Given information: Begin

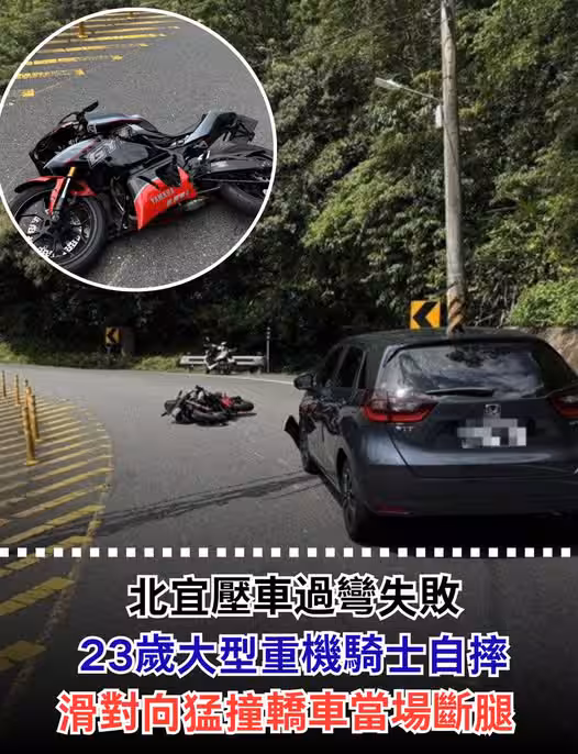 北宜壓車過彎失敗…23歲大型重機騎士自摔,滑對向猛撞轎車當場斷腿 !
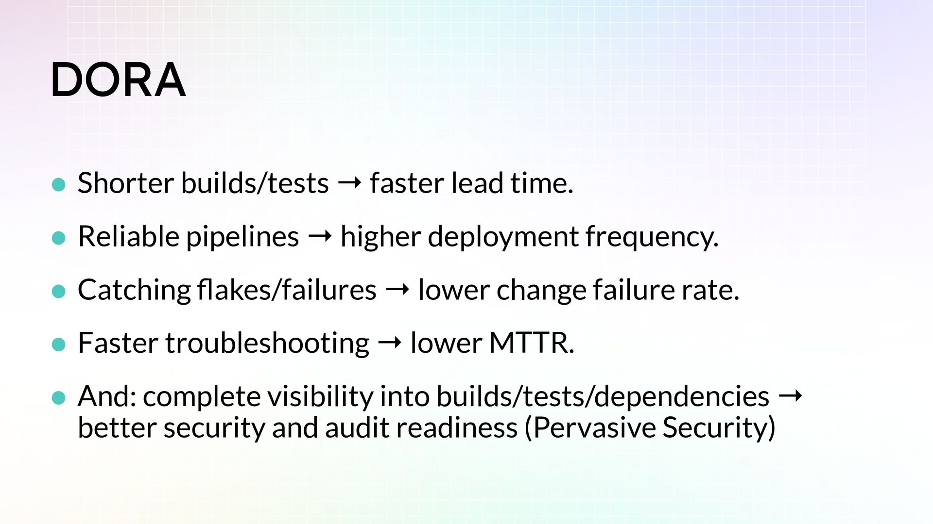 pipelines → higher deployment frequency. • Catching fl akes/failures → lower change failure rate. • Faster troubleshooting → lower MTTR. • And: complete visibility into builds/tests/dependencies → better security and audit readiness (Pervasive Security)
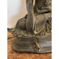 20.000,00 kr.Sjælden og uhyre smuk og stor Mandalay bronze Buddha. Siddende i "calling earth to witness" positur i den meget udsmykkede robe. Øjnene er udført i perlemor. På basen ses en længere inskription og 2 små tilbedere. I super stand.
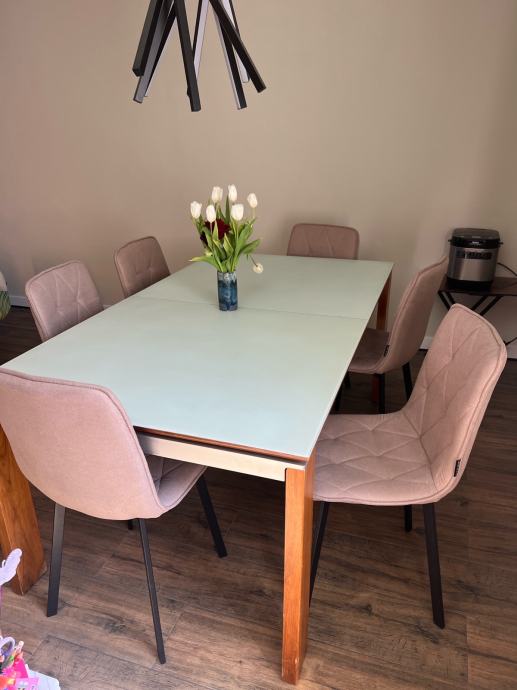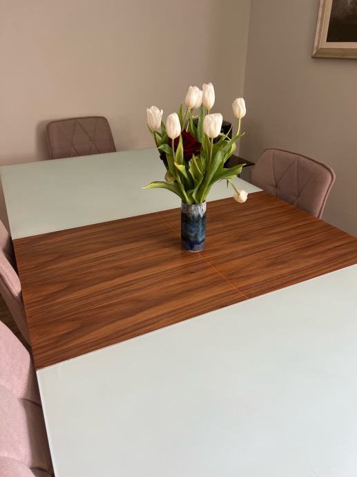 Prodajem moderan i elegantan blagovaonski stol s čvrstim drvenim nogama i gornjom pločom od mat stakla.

Given information: End

Every line above is to be repeated exactly, but no picture is to appear in the copy.

 北宜壓車過彎失敗…23歲大型重機騎士自摔,滑對向猛撞轎車當場斷腿 !
 pipelines → higher deployment frequency. • Catching fl akes/failures → lower change failure rate. • Faster troubleshooting → lower MTTR. • And: complete visibility into builds/tests/dependencies → better security and audit readiness (Pervasive Security)
 20.000,00 kr.Sjælden og uhyre smuk og stor Mandalay bronze Buddha. Siddende i "calling earth to witness" positur i den meget udsmykkede robe. Øjnene er udført i perlemor. På basen ses en længere inskription og 2 små tilbedere. I super stand.
 Prodajem moderan i elegantan blagovaonski stol s čvrstim drvenim nogama i gornjom pločom od mat stakla.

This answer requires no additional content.